### Problem to work on:
Reproduce only what runs from the line containing "이러한 격차는 모돈 단계에서" to the line containing "Licht erotische litho" in the records below, inclusive. Keep it exact, and keep the pictures out.

### Data records:
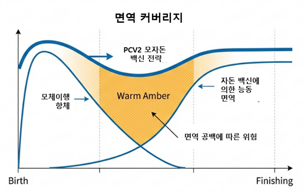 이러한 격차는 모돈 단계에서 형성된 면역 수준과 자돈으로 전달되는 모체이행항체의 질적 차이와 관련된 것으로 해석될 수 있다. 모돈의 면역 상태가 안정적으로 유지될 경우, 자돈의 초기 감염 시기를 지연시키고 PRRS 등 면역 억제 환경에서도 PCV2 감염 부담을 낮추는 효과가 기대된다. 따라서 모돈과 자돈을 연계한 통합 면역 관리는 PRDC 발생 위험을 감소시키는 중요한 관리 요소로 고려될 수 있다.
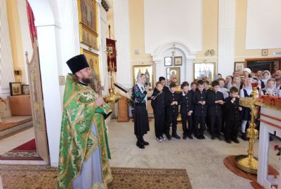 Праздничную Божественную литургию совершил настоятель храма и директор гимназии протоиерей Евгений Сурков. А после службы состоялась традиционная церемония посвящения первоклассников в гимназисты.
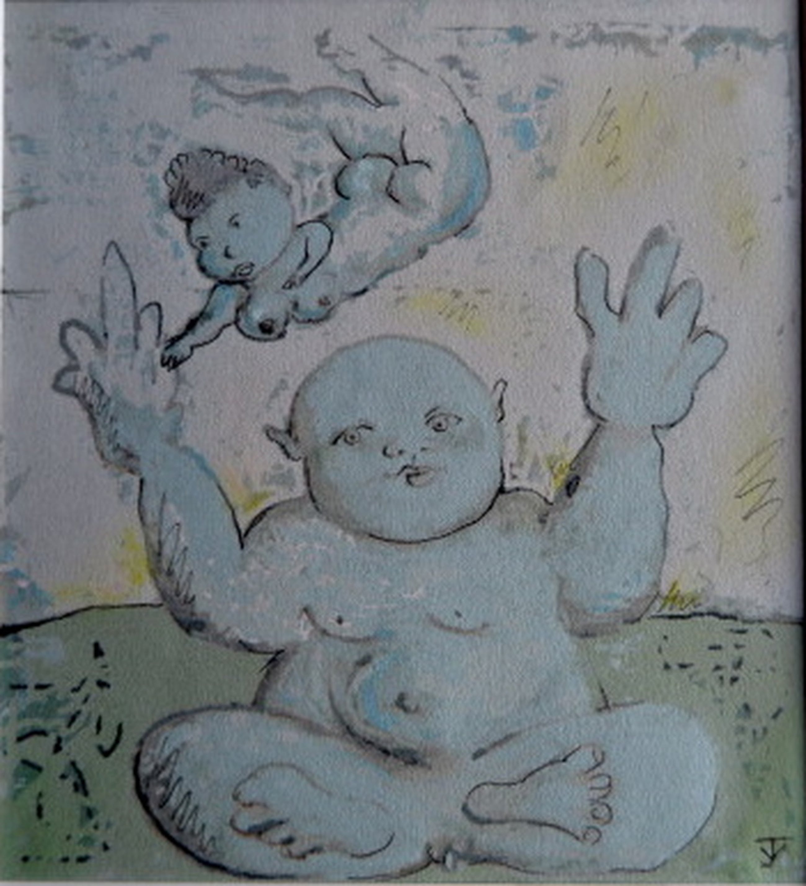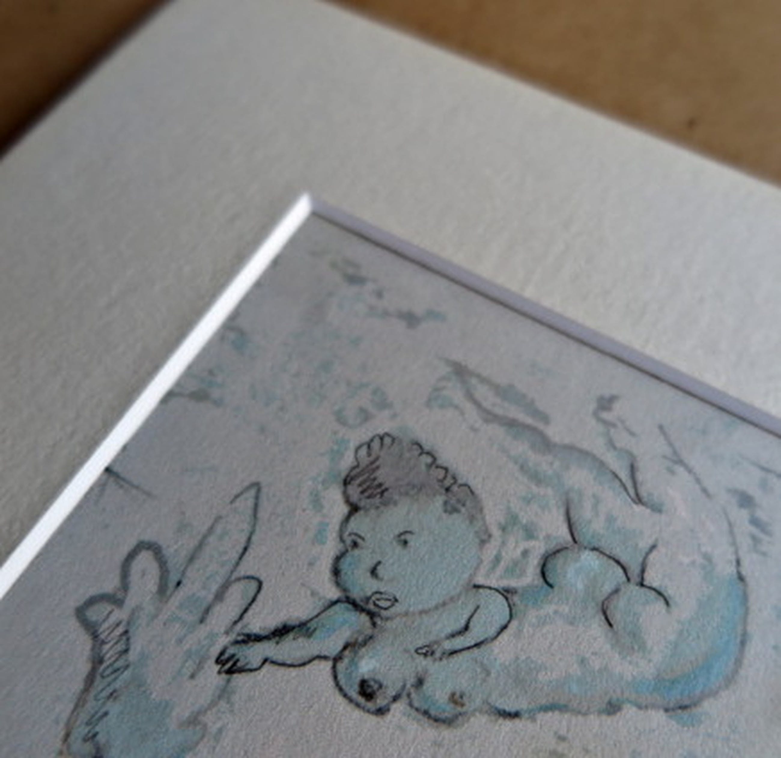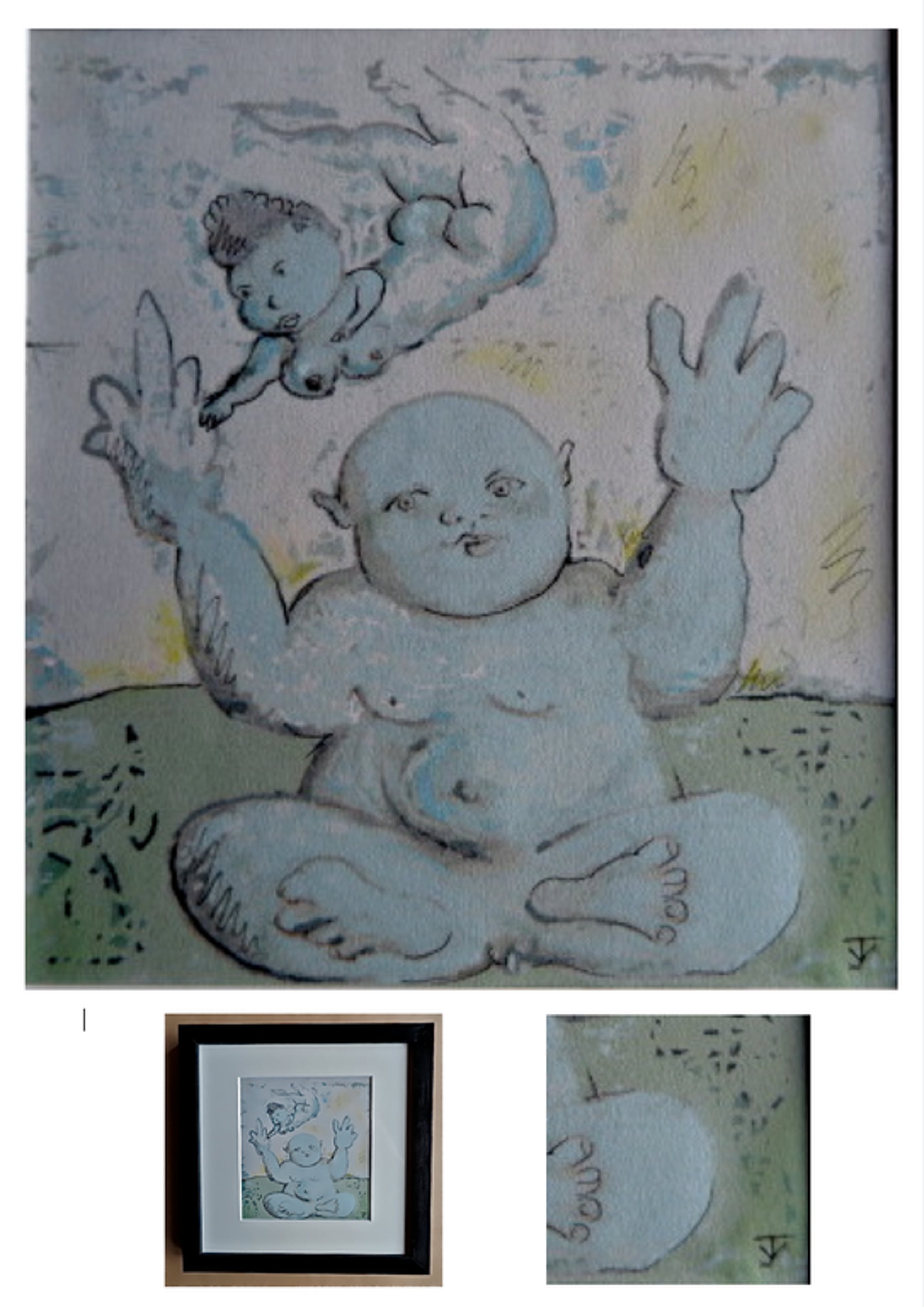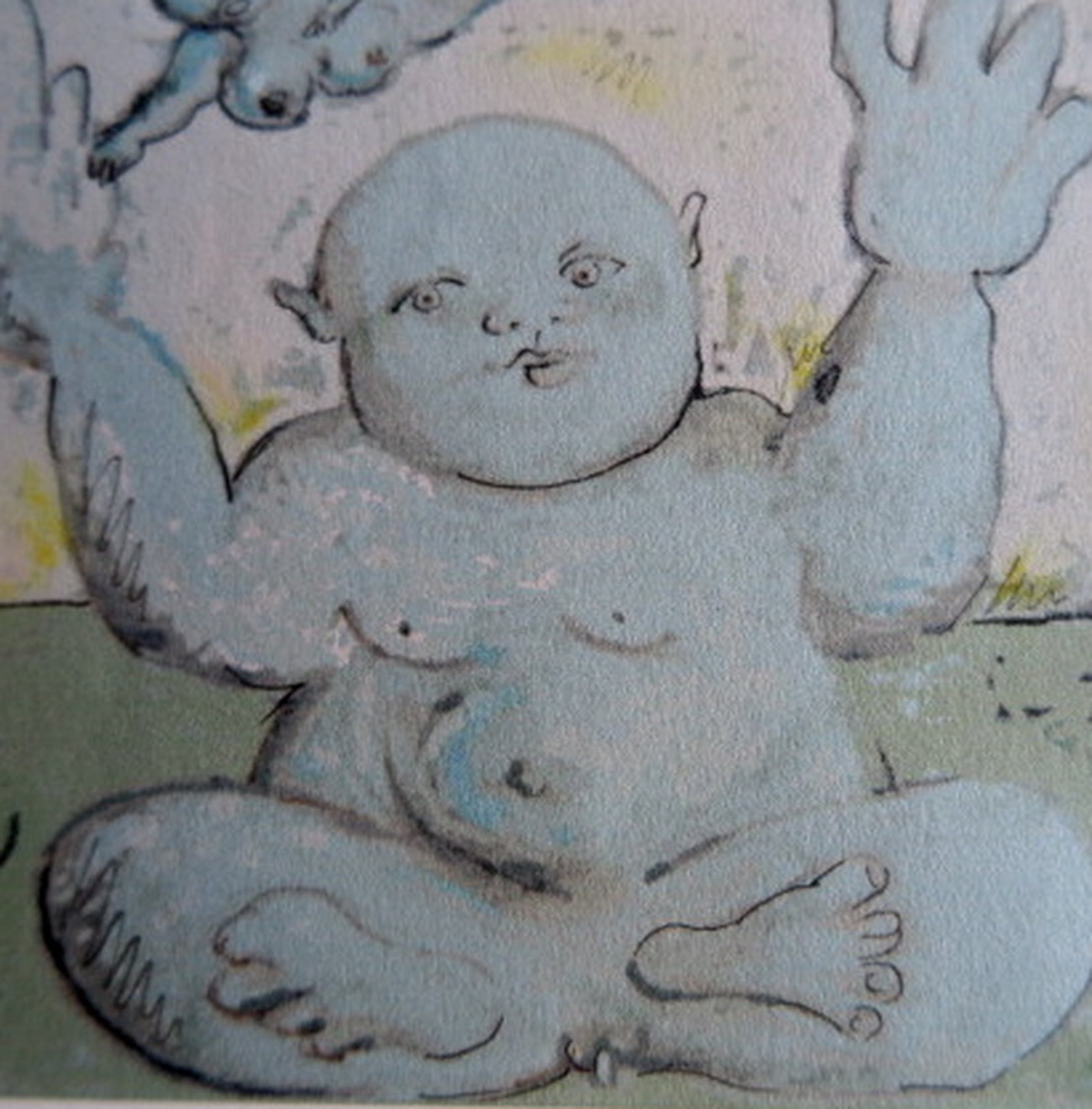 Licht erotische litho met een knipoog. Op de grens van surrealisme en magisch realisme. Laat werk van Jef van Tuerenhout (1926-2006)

...

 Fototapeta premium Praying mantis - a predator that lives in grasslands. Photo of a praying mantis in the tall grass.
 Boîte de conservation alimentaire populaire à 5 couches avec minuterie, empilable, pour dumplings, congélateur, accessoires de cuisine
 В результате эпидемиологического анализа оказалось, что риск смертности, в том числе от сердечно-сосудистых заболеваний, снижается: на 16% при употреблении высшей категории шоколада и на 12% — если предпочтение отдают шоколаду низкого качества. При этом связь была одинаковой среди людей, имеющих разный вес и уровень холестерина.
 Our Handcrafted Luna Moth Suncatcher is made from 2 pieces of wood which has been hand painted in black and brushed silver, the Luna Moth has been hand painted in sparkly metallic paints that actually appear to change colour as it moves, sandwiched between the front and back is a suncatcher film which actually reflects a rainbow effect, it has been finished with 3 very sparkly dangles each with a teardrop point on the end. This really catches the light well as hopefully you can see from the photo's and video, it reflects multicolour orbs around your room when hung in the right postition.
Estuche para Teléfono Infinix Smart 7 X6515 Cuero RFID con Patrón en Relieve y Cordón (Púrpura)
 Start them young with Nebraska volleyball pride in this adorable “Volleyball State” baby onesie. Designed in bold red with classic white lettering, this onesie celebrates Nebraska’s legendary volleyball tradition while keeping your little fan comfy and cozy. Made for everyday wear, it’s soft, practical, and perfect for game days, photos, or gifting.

### Written answer:
 이러한 격차는 모돈 단계에서 형성된 면역 수준과 자돈으로 전달되는 모체이행항체의 질적 차이와 관련된 것으로 해석될 수 있다. 모돈의 면역 상태가 안정적으로 유지될 경우, 자돈의 초기 감염 시기를 지연시키고 PRRS 등 면역 억제 환경에서도 PCV2 감염 부담을 낮추는 효과가 기대된다. 따라서 모돈과 자돈을 연계한 통합 면역 관리는 PRDC 발생 위험을 감소시키는 중요한 관리 요소로 고려될 수 있다.
 Праздничную Божественную литургию совершил настоятель храма и директор гимназии протоиерей Евгений Сурков. А после службы состоялась традиционная церемония посвящения первоклассников в гимназисты.
 Licht erotische litho met een knipoog. Op de grens van surrealisme en magisch realisme. Laat werk van Jef van Tuerenhout (1926-2006)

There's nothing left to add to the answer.